I think, for diagrams like that, the field stop is dimensioned and positioned to not overfill the collimating lens.

It would probably be easier if you work backwards through the system.

MichaelG.

[BramHuntingNematodes]

what's the lens system doing for this setup? Just widening the collimated beam of gradient diffused light? I can't think that the erecting going on would be at all necessary since you should be able to rotate the quarter annulus. Does the field stop play a role in further collimating the beam after the diffusion?

[Greg Howald]

Michael makes a good point. Generally the field stop is placed at 1/2 the focal length so as not to overwhelm the culminating lens. The beam of light reaching the culminating lens should never be wider than the lens diameter.
Greg

[hans]

what is the positioning of the field stop in relation to the focal length?

Which focal length? If you are looking at the slight offset shown between the ray intersection and field stop, I was wondering about that too.
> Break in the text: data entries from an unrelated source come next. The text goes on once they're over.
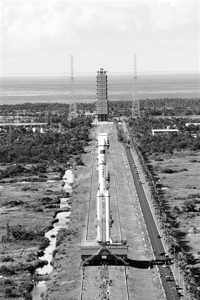 承载着长征七号运载火箭与搭载载荷组合体的活动发射平台,从海南文昌航天发射场的垂直总装测试厂房驶出,平稳行驶约3小时后,安全转运至发射塔架。从中国载人航天工程办公室获悉,长征七号运载火箭计划6月25日至29日择机发射,执行首次飞行试验任务。图为长征七号运载火箭在垂直转运过程中。新华社发
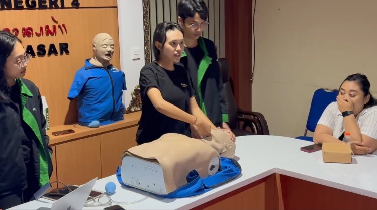 Tingkatkan Kesiapsiagaan Darurat, Mahasiswa FKIK Warmadewa Bekali Siswa SMAN 4 Denpasar Pelatihan BHD
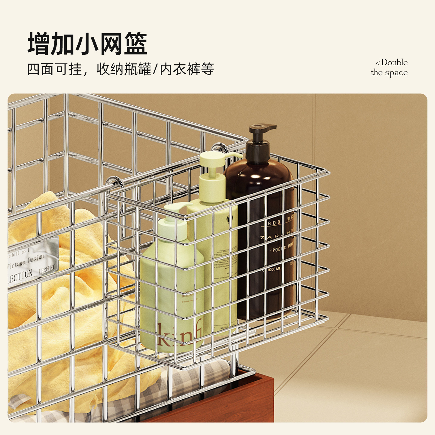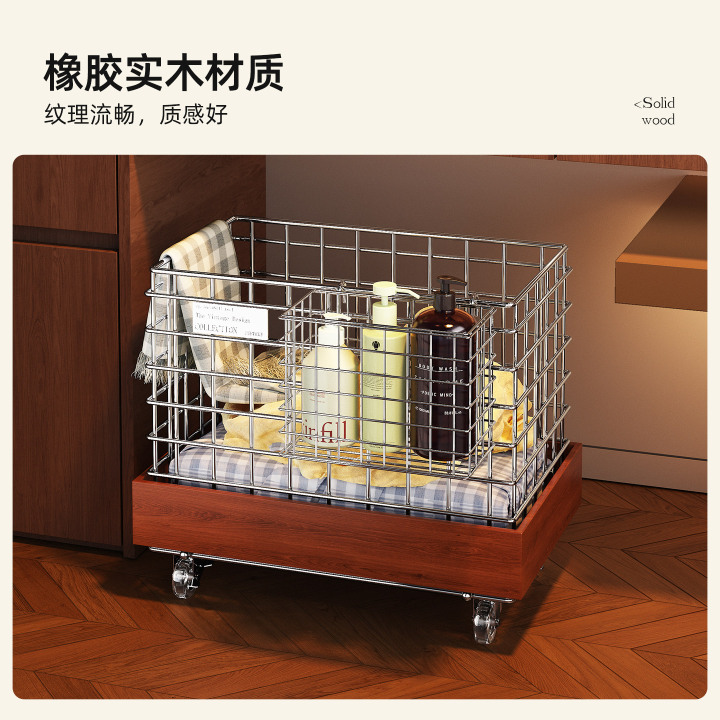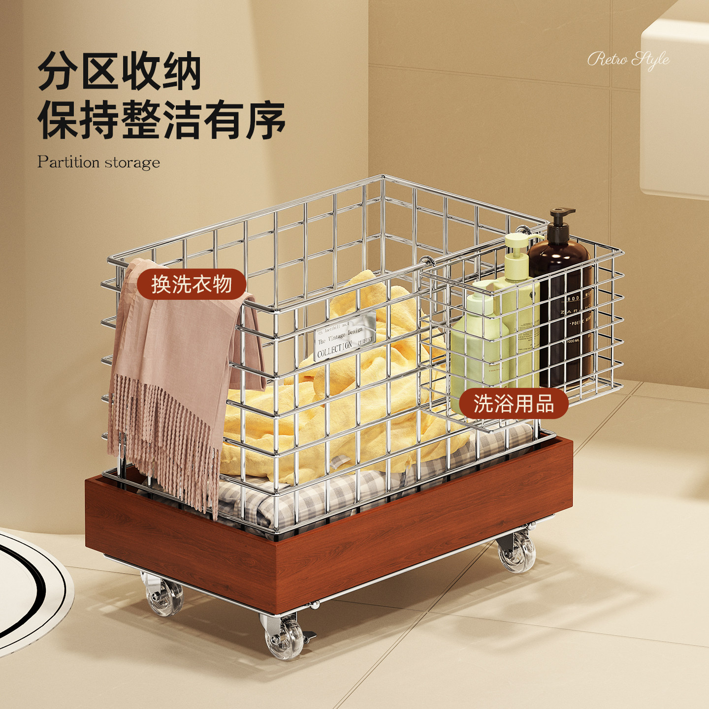 家用柜下脏衣篮中古风衣物收纳小推车多功能卫生间洗护用品收纳筐

Not sure how much to read into that diagram, though, since it looks like a fairly crude schematic.

[MichaelG.]

Looking at the Thorlabs text ... this statement is obviously relevant:

The rotating knob on the front controls an integrated field stop diaphragm, which can be used to adjust the illumination intensity and match the back aperture of a condenser.

... and supports my comment that: It would probably be easier if you work backwards through the system.

MichaelG.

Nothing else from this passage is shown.